WHAT THE EXERCISE ASKS: Once the pictures are set aside, print the records that follow exactly as written.

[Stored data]
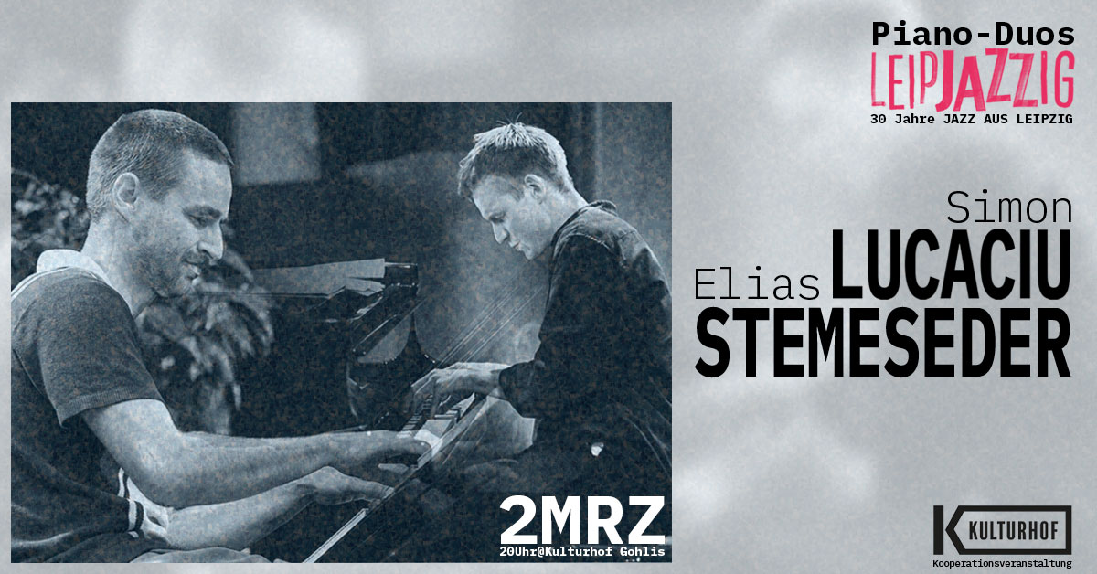 Kulturhof Gohlis Eisenacher Str. 72, Leipzig, Sachsen, GermanyPiano-Duo: Simon Lucaciu/Elias Stemeseder Kooperation mit dem Kulturhof Gohlis Wir nutzen die Gunst der Stunde: 2 Flügel stehen derzeit im Kulturhof Gohlis - darum veranstalten wir Piano-Duo-Konzerte! Zwei außergewöhnliche Pianisten, zwei Vertreter des europäischen Jazz, ein Abend voller musikalischer Entdeckungen: Der Leipziger Jazznachwuchspreis-Träger Simon Lucaciu trifft auf den in New York lebenden österreichischen […]
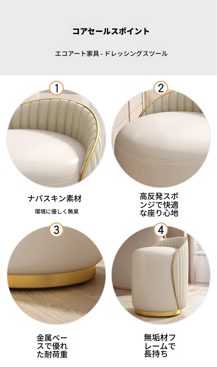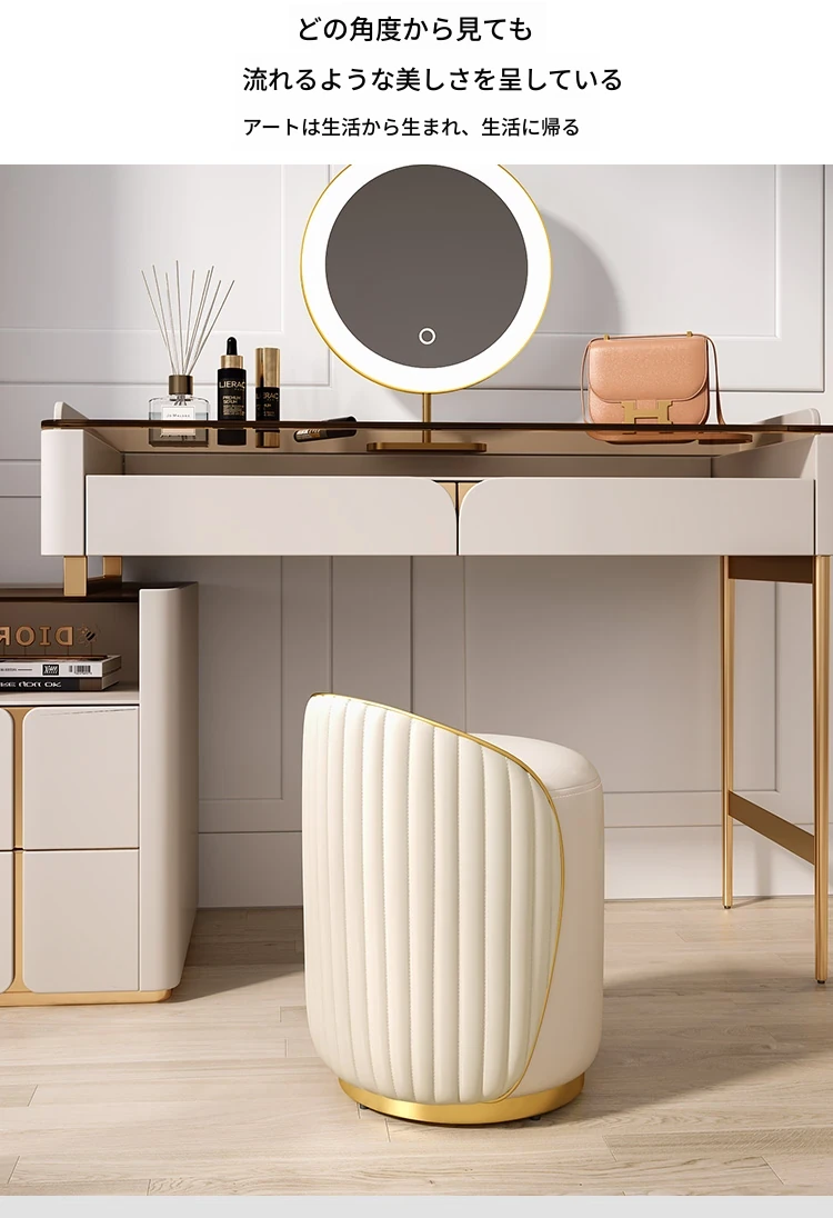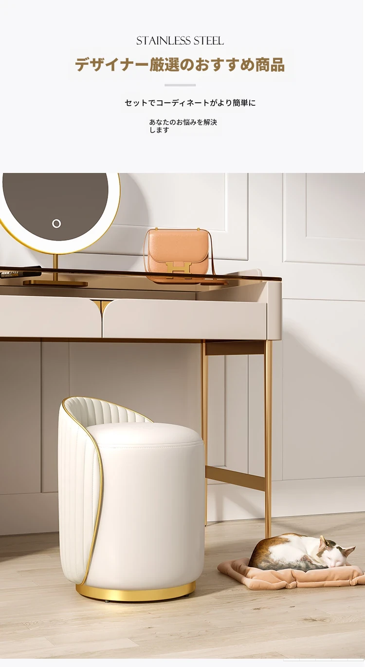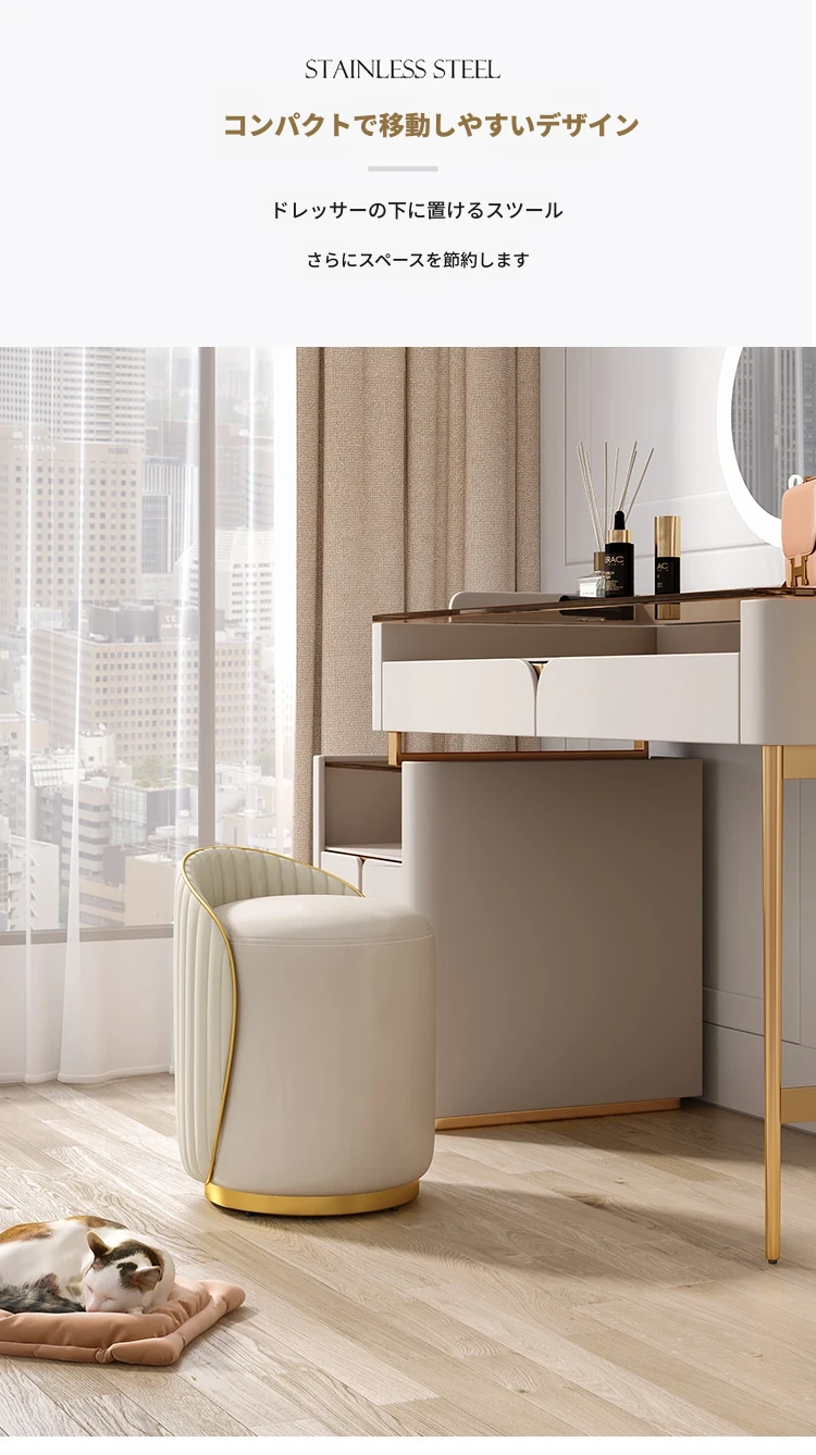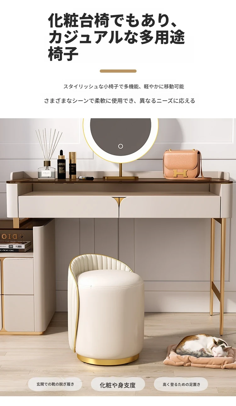 北欧風シンプルな軽奢化粧台スツール - 背もたれ付き、コンパクトでおしゃれなデザイン!小さな部屋にもぴったりの人気の化粧椅子。あなたの美しさを引き立てる、リラックス空間を演出します!
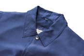 素材特有の光沢感が特徴でミニマムなデザインがスモーキーなブルーを引き立たせる1着。
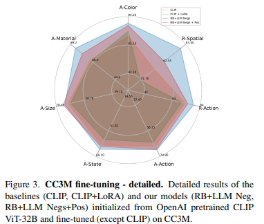 Figure 1은 저자가 제안하는 추가적인 학습 방법을 보여주는 그림입니다. 예를 들어 “회색 고양이가 플라스틱 의자 위에 앉아 있다”라는 문장이 주어지면 “회색”을 “루비색”으로 바꿔 잘못된 캡션을 생성하여 NEG로 학습하면 모델이 자연스럽게 고양이의 색깔 개념을 학습할 수 있습니다. 마찬가리고 “플라스틱”을 “나무”로 바꿔서 의자의 재질 개념을 학습할 수 있고 같은 의미의 다른 단어로 구성된 문장을 학습하는 것으로 SVLC에 대한 이해력을 높일 수 있습니다. 저자는 추가로 LoRA를 사용하여 미세조정하는 것으로 모델의 기존 지식을 훼손하지 않고 SVLC 개념을 학습할 수 있습니다.
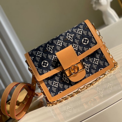 LOUIS VUITTON LV路易威登 免稅晶片版M57499藍色 1854藍色牛仔布M44391 Dauphine 中號手袋本款 Dauphine 中號手袋取材全新 Since 1854 提花織物,以梭織筆觸描繪 Monogram 花卉、LV 標識和代表品牌誕生之年的 1854 數字。內隔層和可拆卸肩帶方便日常背攜。尺寸:25.0 x 17.0 x 10.5 釐米
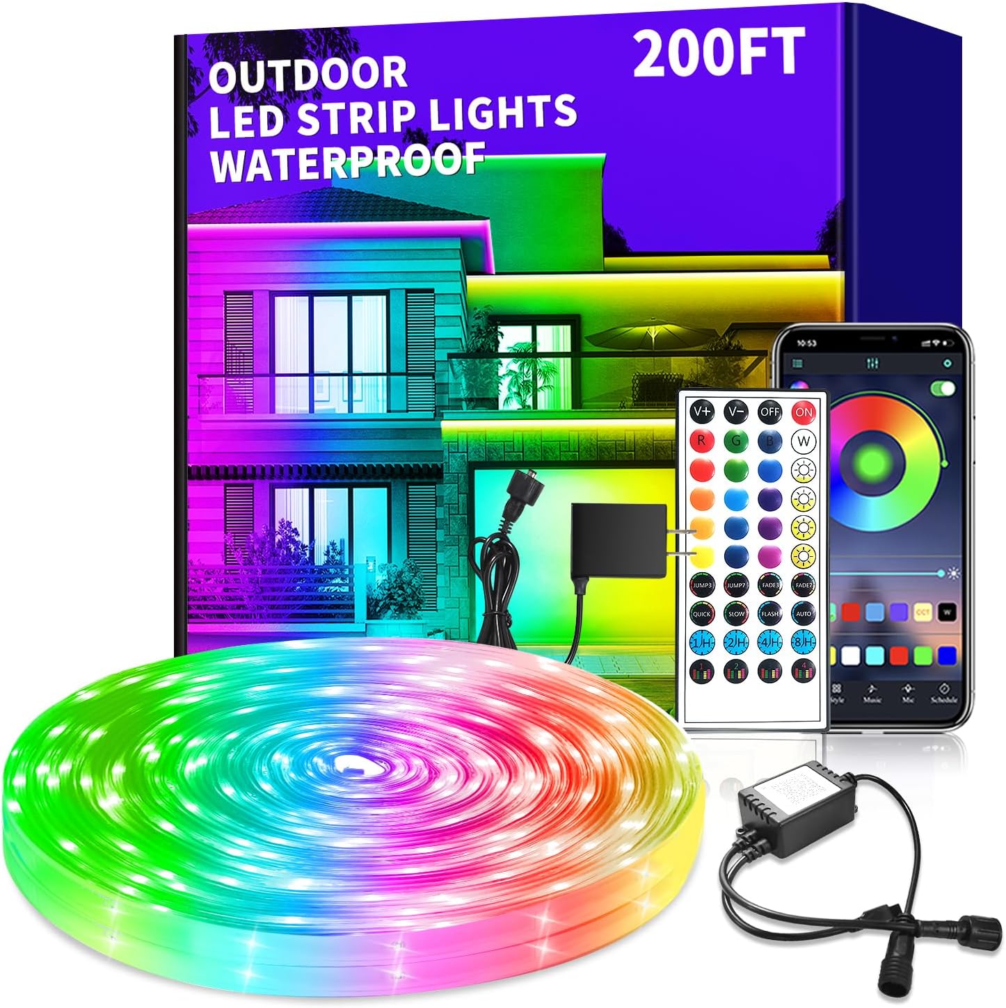 500ft Outdoor LED Strip Lights Waterproof,IP68 Waterproof Led Rope Lights with Remote and App controlled,Music Sync RGB Outdoor Led Strip Lights for Bedroom,Roof,Courtyards(2 rolls of 250ft)
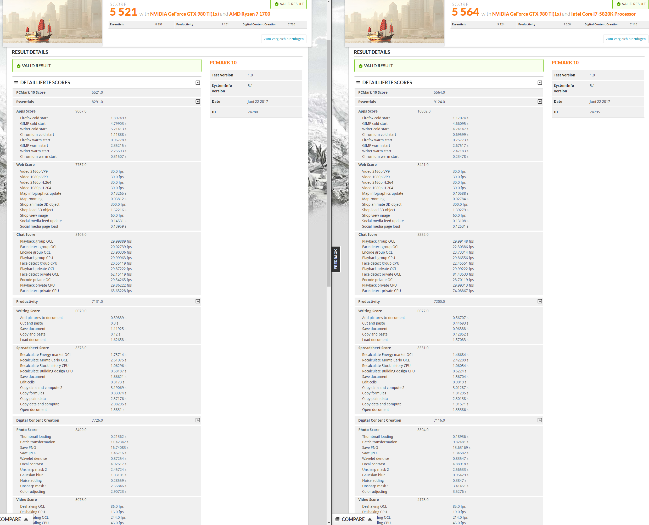 hast du aktuell wirklich auf 4 Ghz getaktet? Die meisten Tests da scheinen eher über einen Thread bzw wenige Threads limitiert zu sein, gerade die ganzen App Starts.
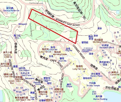 Continuing east, you will descend along Ma Hang Prison's walls and end up on Carmel Road, just steps from Stanley Plaza. This short hike of a few hundred metres is packed with interesting historic sites. However, these have not yet been classified by the heritage department for preservation. If you are interested in colonial transport history, there was also another road from Stanley to the northern side of Hong Kong Island dating from the 1840s. Remnants of Shaukiwan Road are a bit harder to find than this one. | |||
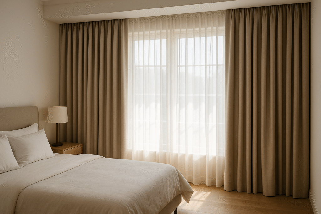 - เลือกขนาดผ้าม่านให้พอดี: ผ้าม่านที่ขนาดพอดีจะช่วยให้การปิด-เปิดม่านทำได้อย่างสมบูรณ์แบบ และป้องกันความร้อนและเสียงรบกวนได้อย่างมีประสิทธิภาพ
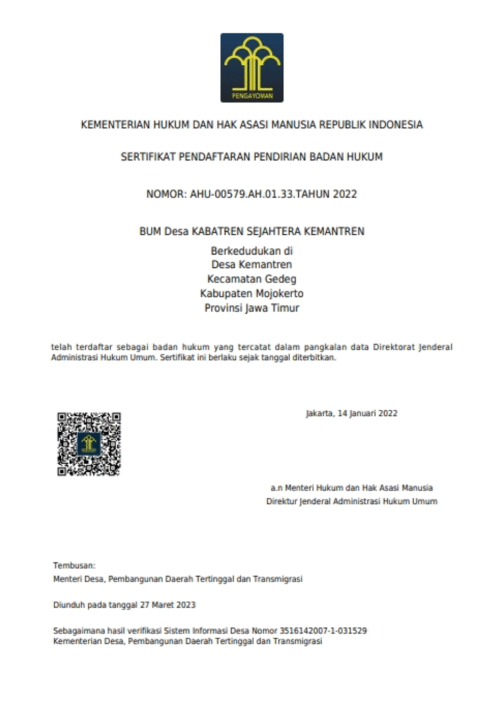 • Perdes nomor 23 Tahun 2021 Tentang Badan Usaha Milik Desa Kabatren Sejahterah Kemantren kewenangan dalam pengolahan sampah .

COMPLETED EXERCISE:
 Kulturhof Gohlis Eisenacher Str. 72, Leipzig, Sachsen, GermanyPiano-Duo: Simon Lucaciu/Elias Stemeseder Kooperation mit dem Kulturhof Gohlis Wir nutzen die Gunst der Stunde: 2 Flügel stehen derzeit im Kulturhof Gohlis - darum veranstalten wir Piano-Duo-Konzerte! Zwei außergewöhnliche Pianisten, zwei Vertreter des europäischen Jazz, ein Abend voller musikalischer Entdeckungen: Der Leipziger Jazznachwuchspreis-Träger Simon Lucaciu trifft auf den in New York lebenden österreichischen […]
 北欧風シンプルな軽奢化粧台スツール - 背もたれ付き、コンパクトでおしゃれなデザイン!小さな部屋にもぴったりの人気の化粧椅子。あなたの美しさを引き立てる、リラックス空間を演出します!
 素材特有の光沢感が特徴でミニマムなデザインがスモーキーなブルーを引き立たせる1着。
 Figure 1은 저자가 제안하는 추가적인 학습 방법을 보여주는 그림입니다. 예를 들어 “회색 고양이가 플라스틱 의자 위에 앉아 있다”라는 문장이 주어지면 “회색”을 “루비색”으로 바꿔 잘못된 캡션을 생성하여 NEG로 학습하면 모델이 자연스럽게 고양이의 색깔 개념을 학습할 수 있습니다. 마찬가리고 “플라스틱”을 “나무”로 바꿔서 의자의 재질 개념을 학습할 수 있고 같은 의미의 다른 단어로 구성된 문장을 학습하는 것으로 SVLC에 대한 이해력을 높일 수 있습니다. 저자는 추가로 LoRA를 사용하여 미세조정하는 것으로 모델의 기존 지식을 훼손하지 않고 SVLC 개념을 학습할 수 있습니다.
 LOUIS VUITTON LV路易威登 免稅晶片版M57499藍色 1854藍色牛仔布M44391 Dauphine 中號手袋本款 Dauphine 中號手袋取材全新 Since 1854 提花織物,以梭織筆觸描繪 Monogram 花卉、LV 標識和代表品牌誕生之年的 1854 數字。內隔層和可拆卸肩帶方便日常背攜。尺寸:25.0 x 17.0 x 10.5 釐米
 500ft Outdoor LED Strip Lights Waterproof,IP68 Waterproof Led Rope Lights with Remote and App controlled,Music Sync RGB Outdoor Led Strip Lights for Bedroom,Roof,Courtyards(2 rolls of 250ft)
 hast du aktuell wirklich auf 4 Ghz getaktet? Die meisten Tests da scheinen eher über einen Thread bzw wenige Threads limitiert zu sein, gerade die ganzen App Starts.
 Continuing east, you will descend along Ma Hang Prison's walls and end up on Carmel Road, just steps from Stanley Plaza. This short hike of a few hundred metres is packed with interesting historic sites. However, these have not yet been classified by the heritage department for preservation. If you are interested in colonial transport history, there was also another road from Stanley to the northern side of Hong Kong Island dating from the 1840s. Remnants of Shaukiwan Road are a bit harder to find than this one. | |||
 - เลือกขนาดผ้าม่านให้พอดี: ผ้าม่านที่ขนาดพอดีจะช่วยให้การปิด-เปิดม่านทำได้อย่างสมบูรณ์แบบ และป้องกันความร้อนและเสียงรบกวนได้อย่างมีประสิทธิภาพ
 • Perdes nomor 23 Tahun 2021 Tentang Badan Usaha Milik Desa Kabatren Sejahterah Kemantren kewenangan dalam pengolahan sampah .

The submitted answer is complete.